I hope someone can help me. I got a problem where some table layout
won't work the way it's supposed to work, using rowspan.

You mean it won't work the way you expect it to work.
It's hard to
explain, but in the example I give you below, there's 3 TDs, the right
and left TD have a rowspan of 2, and the middle TD have a rowspan of 1,
and the first row should have 16 pixels, and second row whatever height
the page requires. But it seems that depending on the left or right TD
height, it affects the height of my middle top TD, which is supposed to
be fixed at 16 pixels. Anyway, this example should explain it all. Is
there a way to make that tow middle TD fixed at 16 pixels? It works fine
with Firefox, but not with Explorer.

IE is *special*.

[code snipped]

Your third column is meaningless, and has no effect on this behavior.
Likewise the inner table. The width settings are also irrelevant.
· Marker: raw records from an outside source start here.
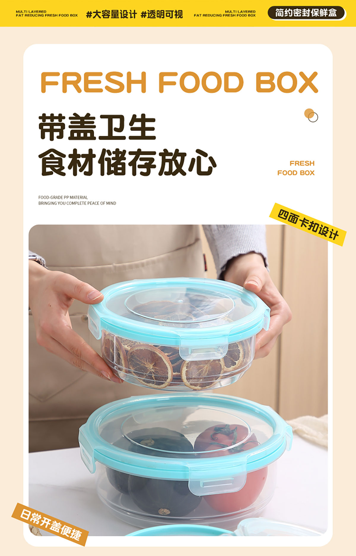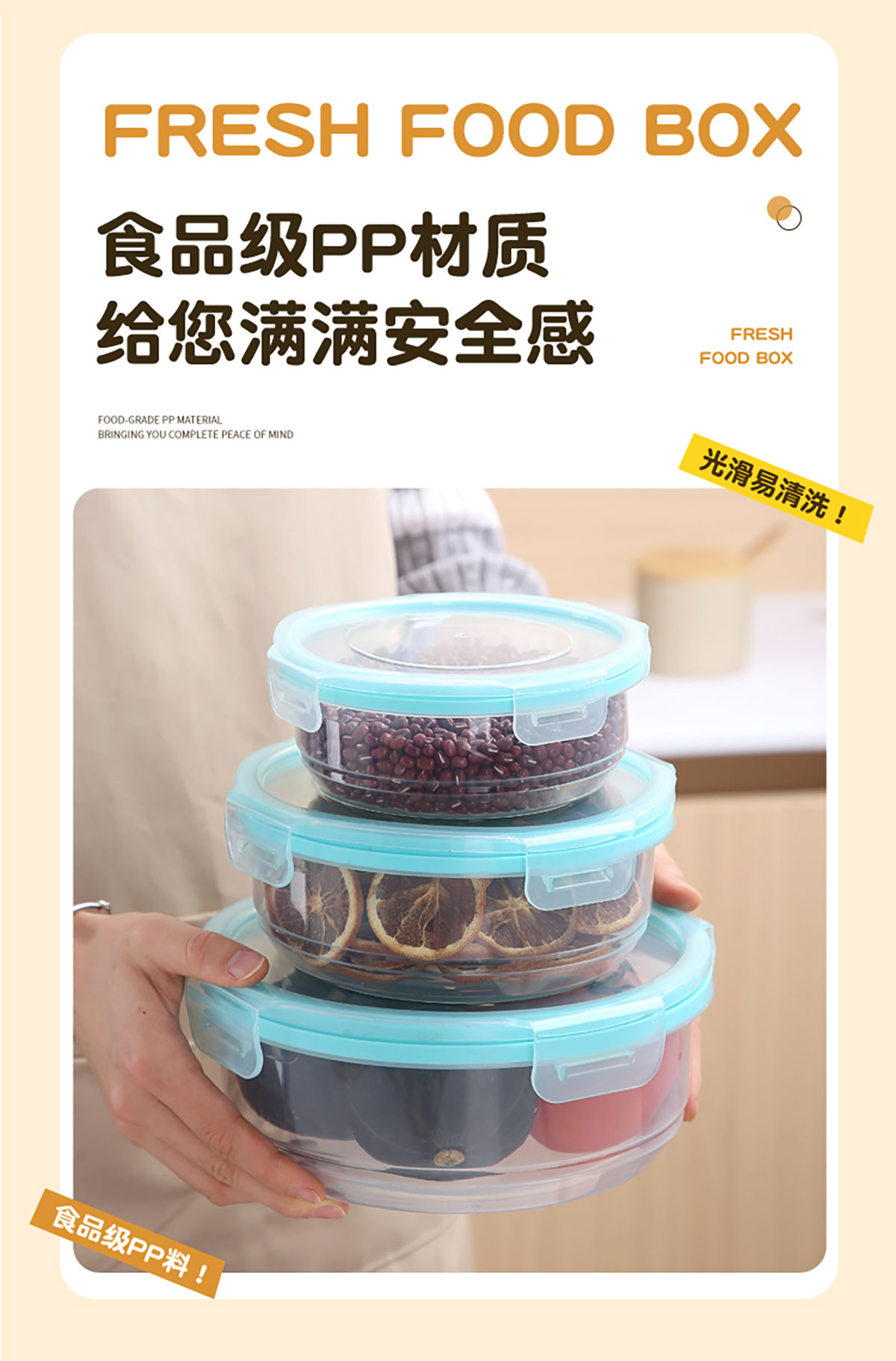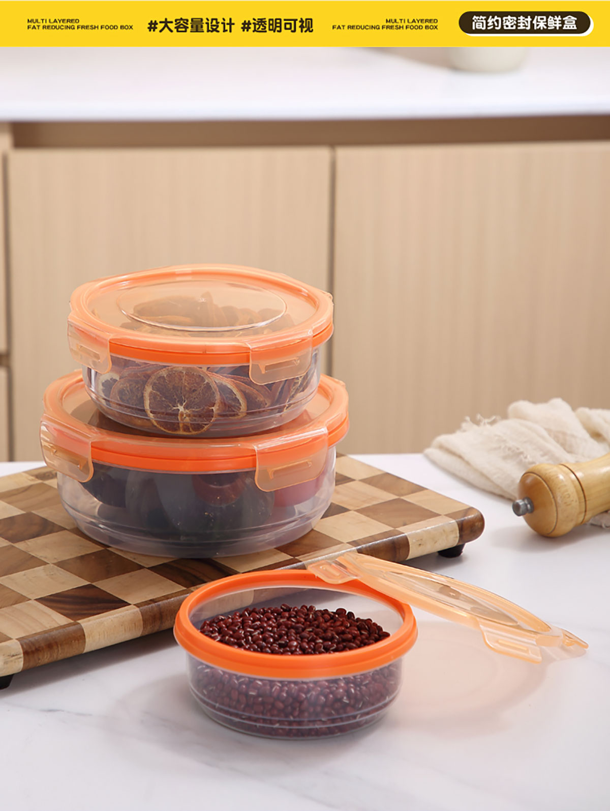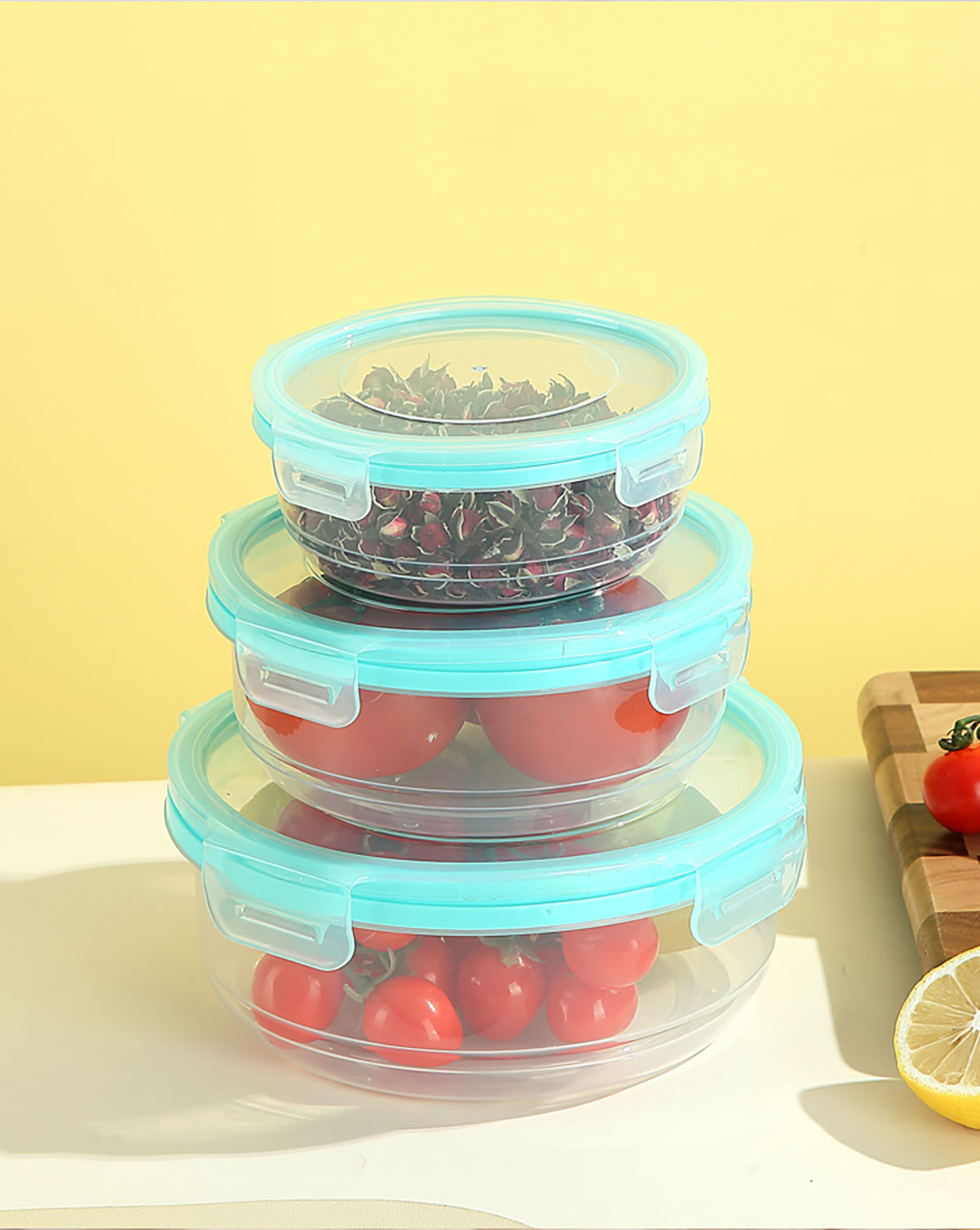 鮮凈無縫密封保鮮盒(圓形3件套600ml+1100ml+1900ml)
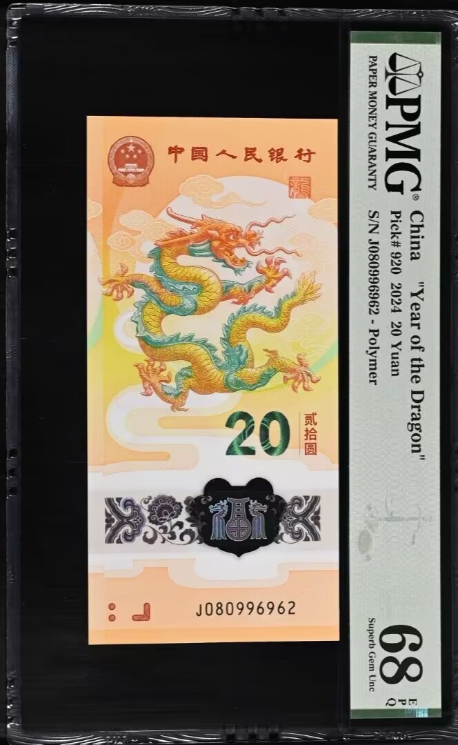 → 出龙钞PMG68分龙珠号J080996962
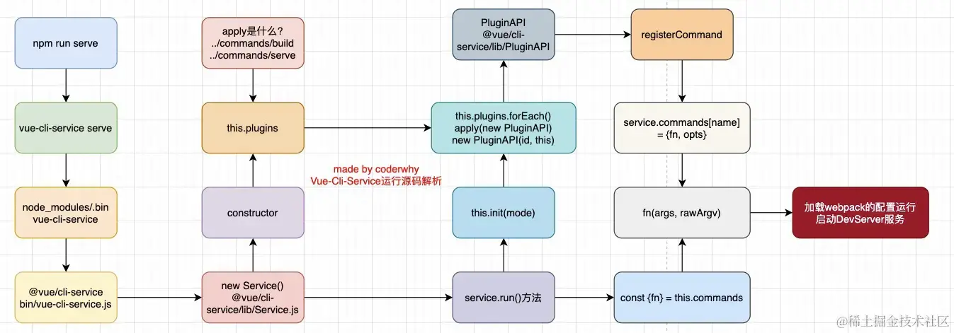 同理,当我们使用脚手架,执行npm run serve,也会从node_modules/.bin里面执行vue-cli-service命令,然后具体流程如下:
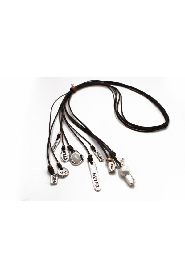 Zamak / Peltre baño plata 5µ / Perlas nácar / Cuero y piel nacionales / Resinas epoxi / Cristal checo
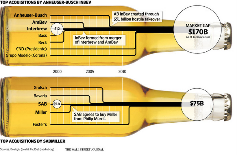 ABインベブによる、680億ポンド(1040億ドル)SABミラー買収案が、暗礁にのりあげているという。
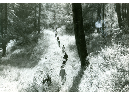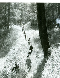 NO IDENTIFICADOVista de un bosque y de chicos caminando en fila.

You've
really got a 2x2 table, with the first column spanning two rows:

------------
¦ A ¦ B ¦
¦ ¦ ¦
¦ ¦-----¦
¦ ¦ C ¦
¦ ¦ ¦
------------

You've set a suggested minimum height on cell B. (I know you said
"height", but IE treats it as a min-height.) As the content in A grows
in length, B starts to grow in proportion in IE (in FF, B remains constant).
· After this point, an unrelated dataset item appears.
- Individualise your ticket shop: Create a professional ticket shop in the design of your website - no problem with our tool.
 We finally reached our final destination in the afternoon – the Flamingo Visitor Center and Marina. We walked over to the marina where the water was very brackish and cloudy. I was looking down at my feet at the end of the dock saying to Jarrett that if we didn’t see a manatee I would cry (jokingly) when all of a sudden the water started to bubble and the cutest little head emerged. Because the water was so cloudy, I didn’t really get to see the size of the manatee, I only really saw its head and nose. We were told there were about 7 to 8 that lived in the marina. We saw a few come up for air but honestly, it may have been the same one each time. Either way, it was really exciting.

(If you test without setting a height for B, FF gives the same height
for B that we see in IE. Suggesting that FF takes height to be a maximum
or exact height, while IE considers it a minimum.)

Another variation, this one with only one row:

------------
¦ A ¦ B ¦
¦ ¦ ¦
¦ ¦ ¦
------------

You've set a suggested minimum height on cell B. As the content in A
grows in length, B starts to grow in proportion in IE and in FF. The
behavior of cell B in this case seems more intuitive, because we expect
the table to contain the data more than we expect the height
specification for B to be respected.

What we're left with is merely the fact that IE (6 and below; I'm not
testing with 7 here*) treats height as min-height, while FF treats it as
height. Sorry. That's IE for you.

A workaround? Maybe using DIVs would suit your purposes just as well (or
better). But I don't know how to beat it reliably using a table.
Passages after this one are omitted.